Reading Christopher Hitchens' Mortality I was struck once again by how people like him have no understanding of religion at all. Lacking as they do any religious sense, they can only (mis)understand it from the outside as if it were just a set of strange doctrines. They don't seem to understand that the doctrines are "necessary makeshifts," to borrow a fine phrase from F. H. Bradley, whereby we undertake to understand the Transcendent. Failing to appreciate the provisional character of doctrines and dogmatic formulations, people like Hitchens seize upon them as if they were the reality represented and then look for contradictions and absurdities. And of course they find them. For example, Hitchens sees an absurdity in prayer:
The man who prays is the one who thinks that god has arranged matters all wrong, but also thinks that he can instruct god how to put them right. Half-buried in the contradiction is the distressing idea that nobody is in charge, or nobody with any moral authority. The call to prayer is self-cancelling. (Mortality, pp. 21-22)
The context makes this this little 'chemo-brain' outburst even less clear, if that is possible. Prayer, we are told, is the attempt to instruct God on how to set right what he has has got "all wrong." Now that has nothing to do with what anyone who actually prays means by 'prayer.' Take Plotinus (205-270):
The only way truly to pray is to approach alone the One who is Alone [All-One]. To contemplate that One, we must withdraw into the inner soul, as into a temple, and be still. (Enneads)
Did chatterbox Hitchens ever withdraw into his inner soul and be still? No? Then what right does he have to speak of these matters? This from the Talmud:
He who rises from prayer a better man, his prayer is answered.
The point here, I take it, is that we don't pray to change God so much as to change and improve ourselves. If we succeed in this, if we succeed in stilling our thoughts, mastering our desires, strengthening our resolutions, and re-directing our aspirations from the base to the noble, then we have succeeded in improving ourselves and our prayer has been answered.
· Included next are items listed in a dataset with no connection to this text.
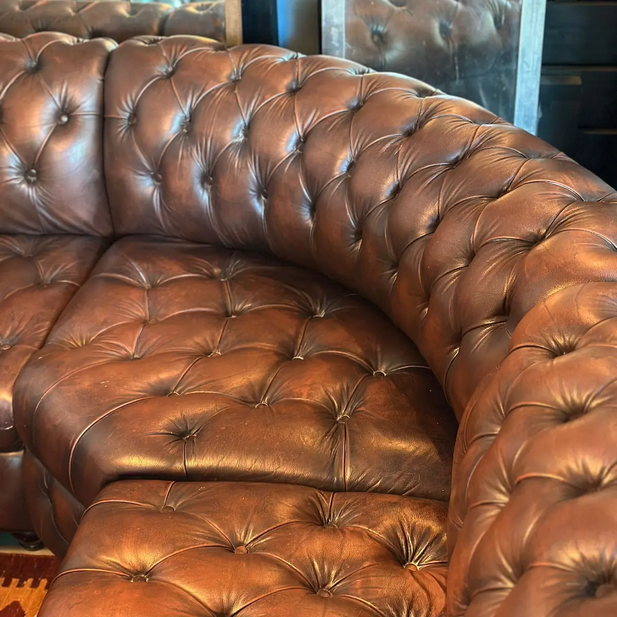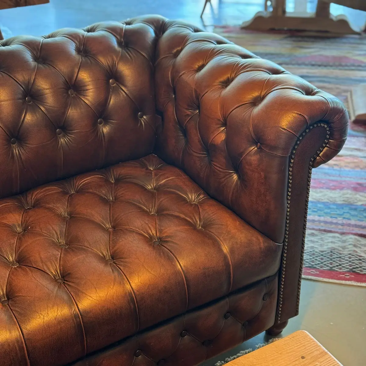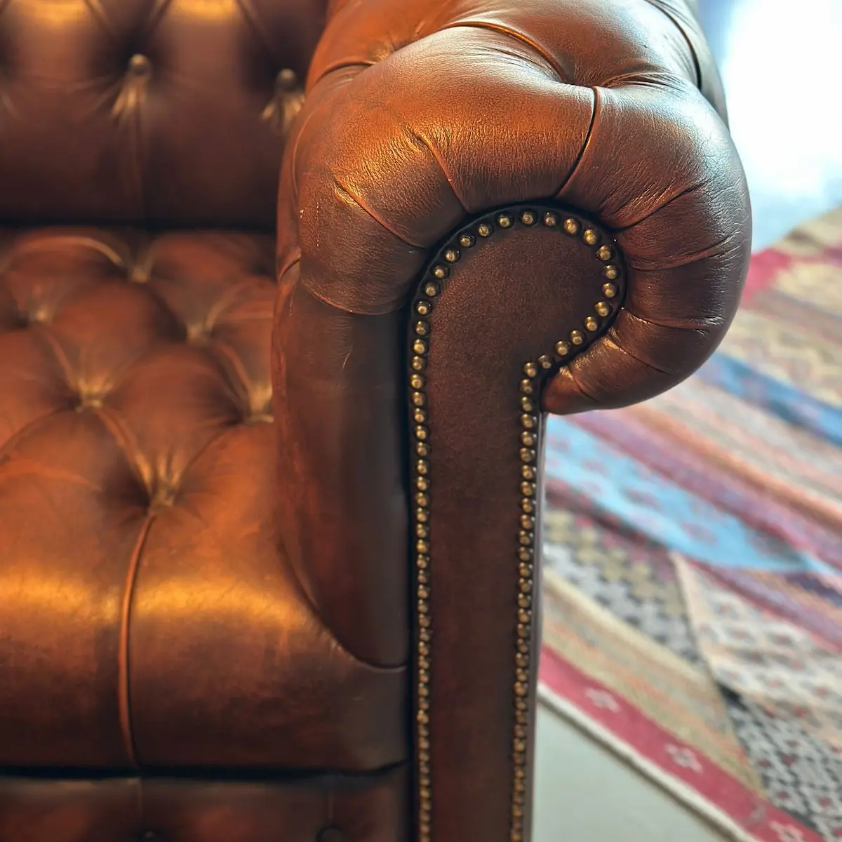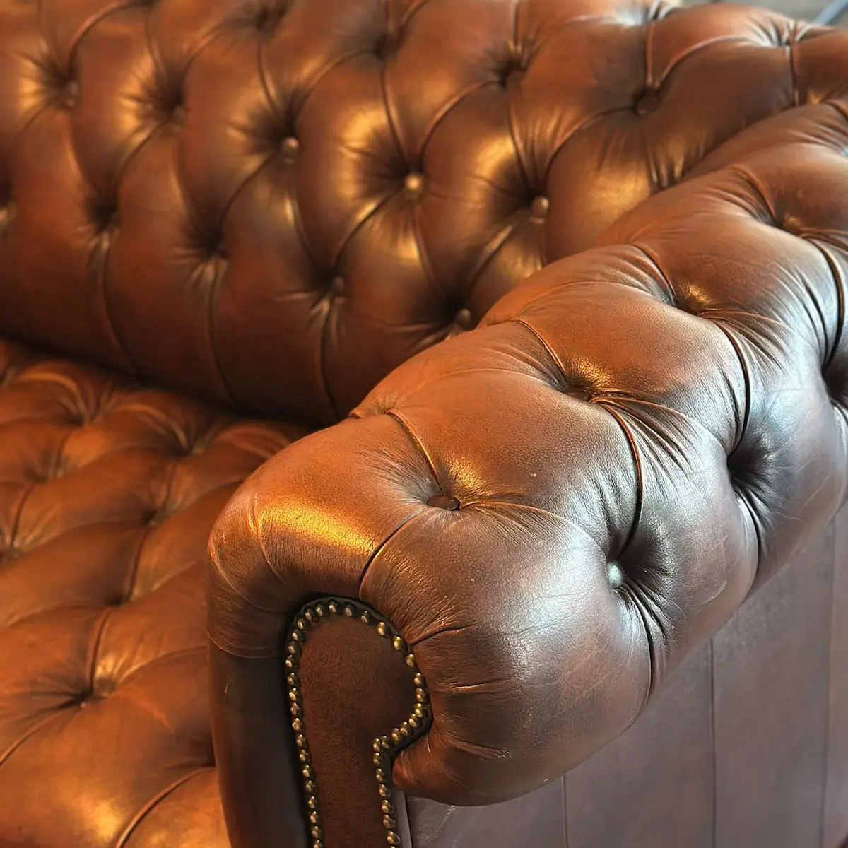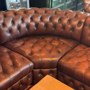 Chesterfield de los años 70 con su sello de autenticidad. El icónico estilo Chesterfield se reinventa en este sofá esquinero. Tapizado en piel genuina marrón, con capitoné profundo y remaches metálicos, ofrece elegancia atemporal y confort envolvente. Una pieza única y auténtica que viste cualquier espacio con carácter inglés clásico y distinción.
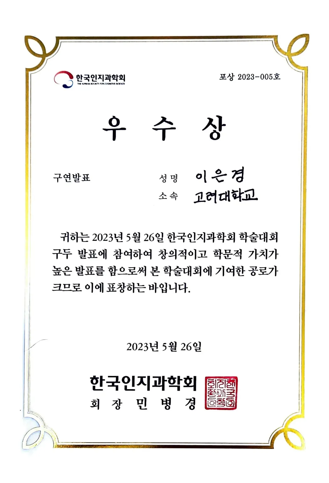 2023 한국인지과학회 학술대회 구연발표 우수상
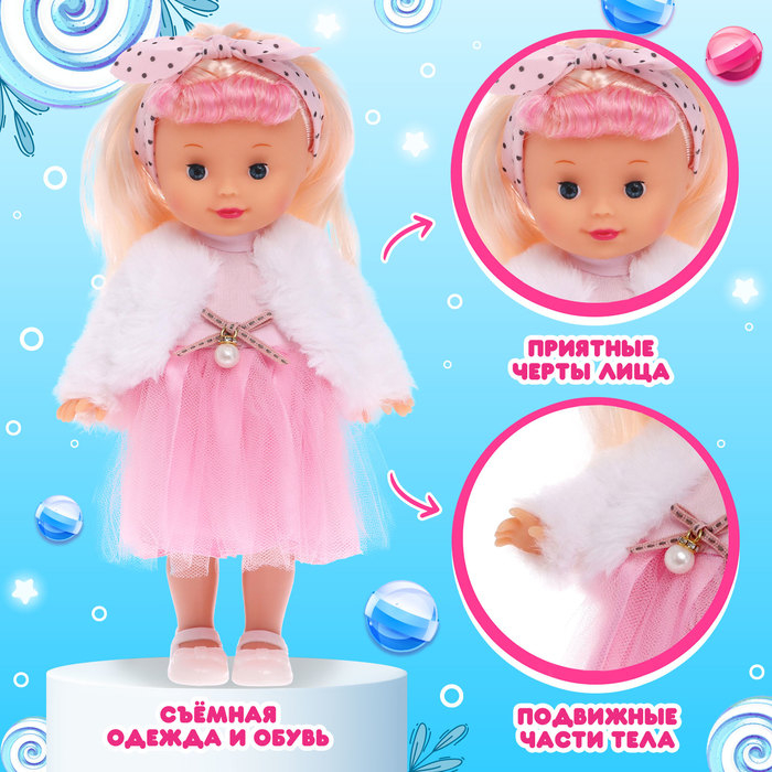 У куклы красивые длинные волосы. Малышка расчешет их и сделает модную укладку. Кукла одета в нарядное платье, шубку, ботиночки, есть аксессуары.
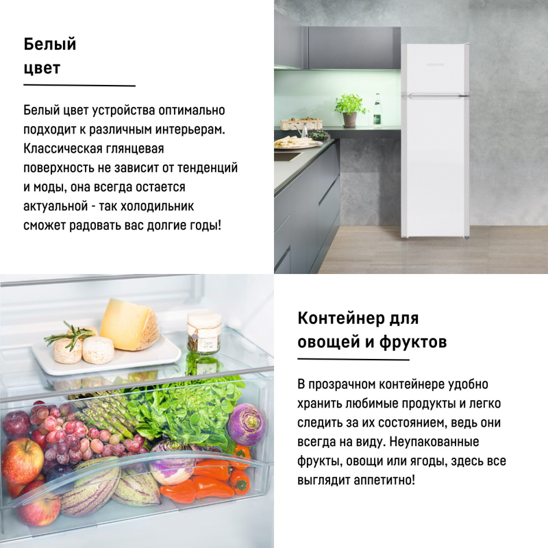 Тип: двухкамерный холодильник с морозильником сверху.
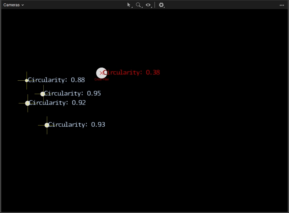 The Circularity value establishes the degree (as a percentage) to which a reflection can vary from circular for the camera to recognize it as a marker. Only reflections with circularity values greater than the defined threshold will be identified as marker reflections.

Here, in a similar vein, is Ralph Waldo Emerson from his great essay "Self-Reliance":
Prayer that craves a particular commodity, — any thing less than all good, — is vicious. Prayer is the contemplation of the facts of life from the highest point of view.
Hitchens has no understanding of religion or of prayer. The two are closely linked as William James observed:
Prayer is religion in act; that is, prayer is real religion. (Varieties of Religious Experience, 464)
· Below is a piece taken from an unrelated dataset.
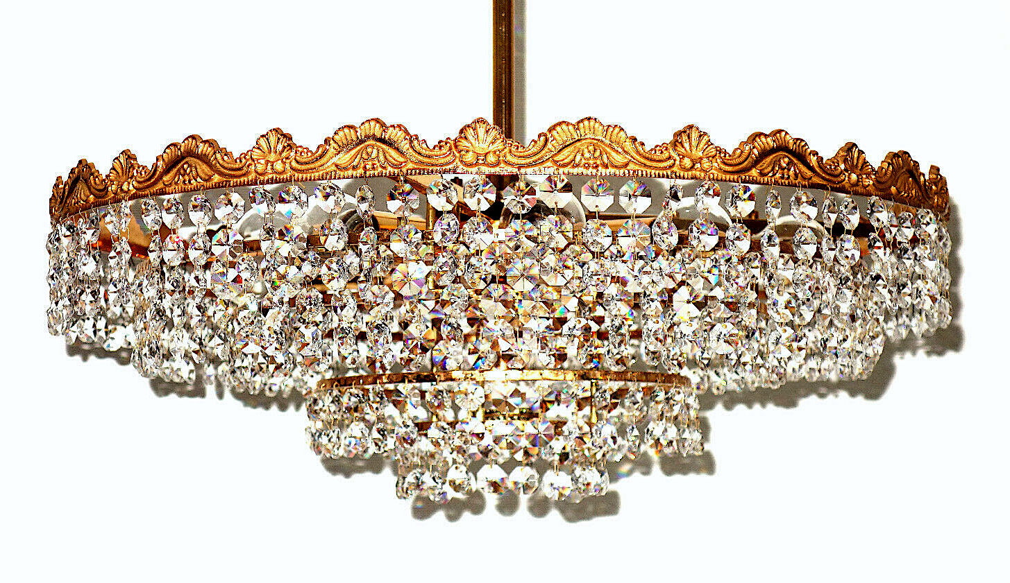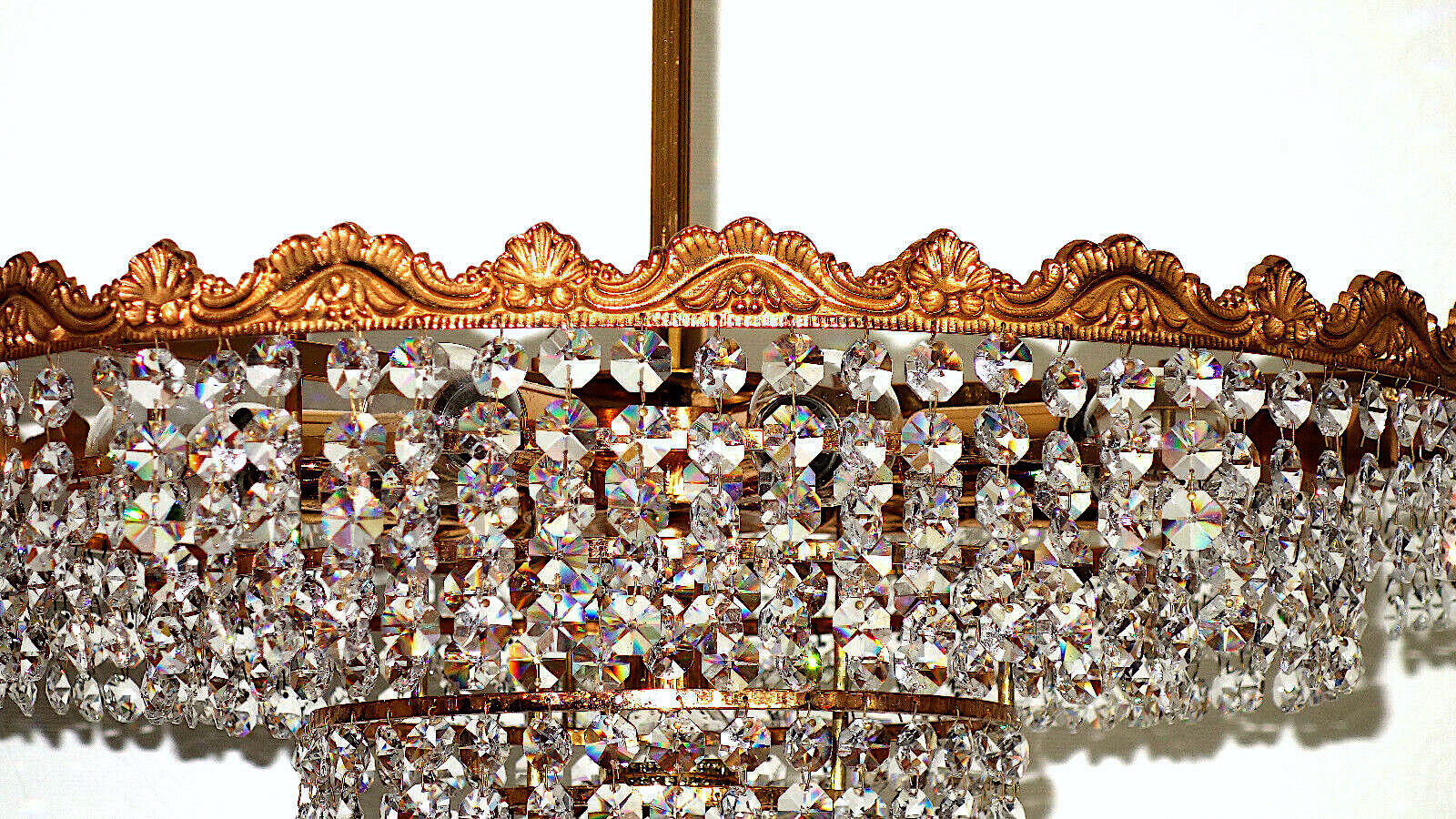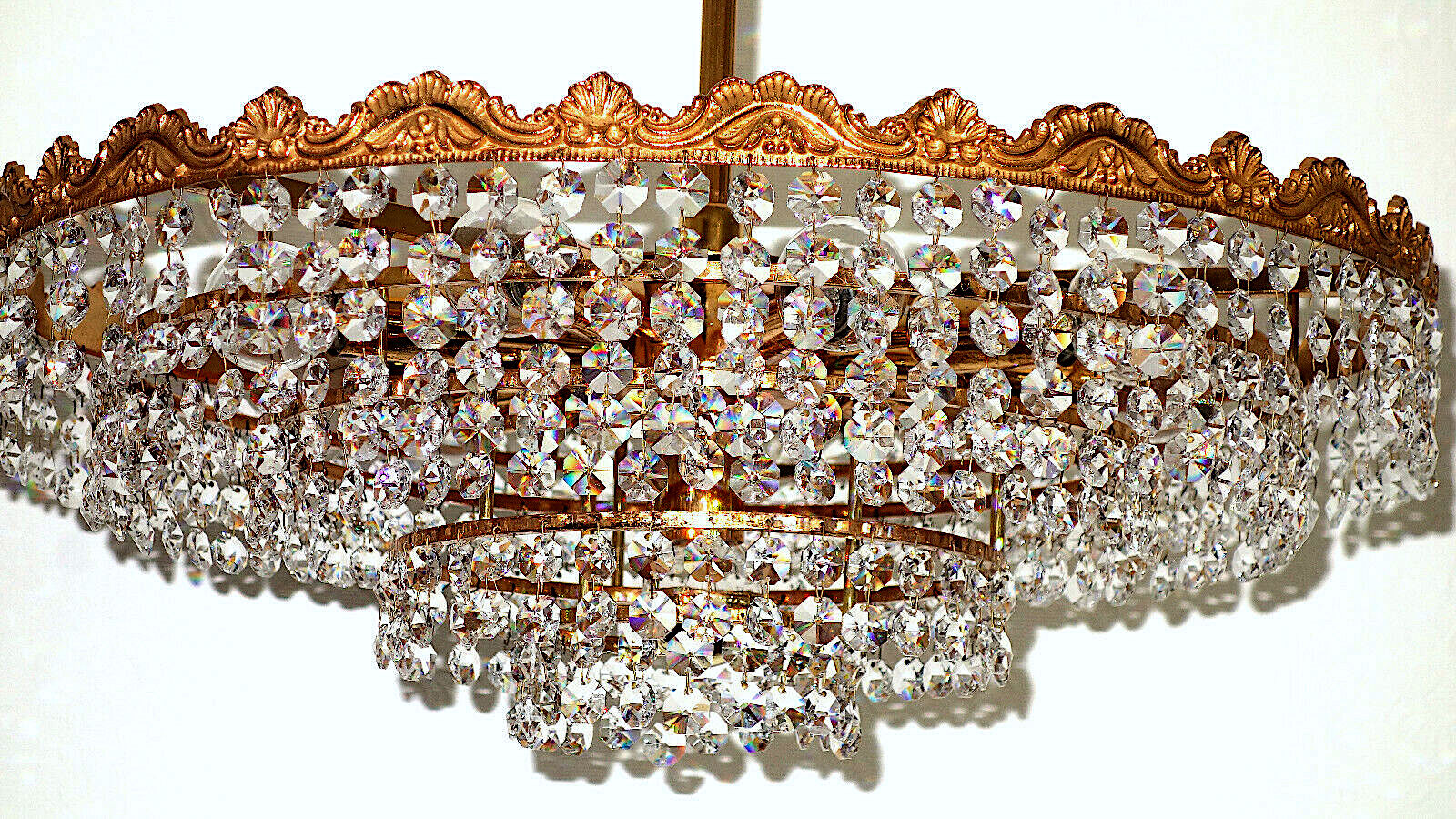 Hochwertige Antik Schröder Messing Bleikristall Kronleuchter, Lüster 10 Flammig

In his profound incomprehension, Hitchens takes prayer in its crassest petitionary sense, oblivious of the iceberg submerged beneath that paltry tip.
Lacking as he does the religious sensibility, Hitchens is devoid of all sympathy for it, and can't see anything good in it. His understanding of it is the misundertanding of the outsider. To understand religion from the outside is like trying to understand music from the outside as a peculiar sort of acoustic disturbance. But religion, like music, chess, love, poetry, mathematics, running, science . . . can only be understood from the inside by those who engage in these activities and have the inner predisposition and talent to engage in them.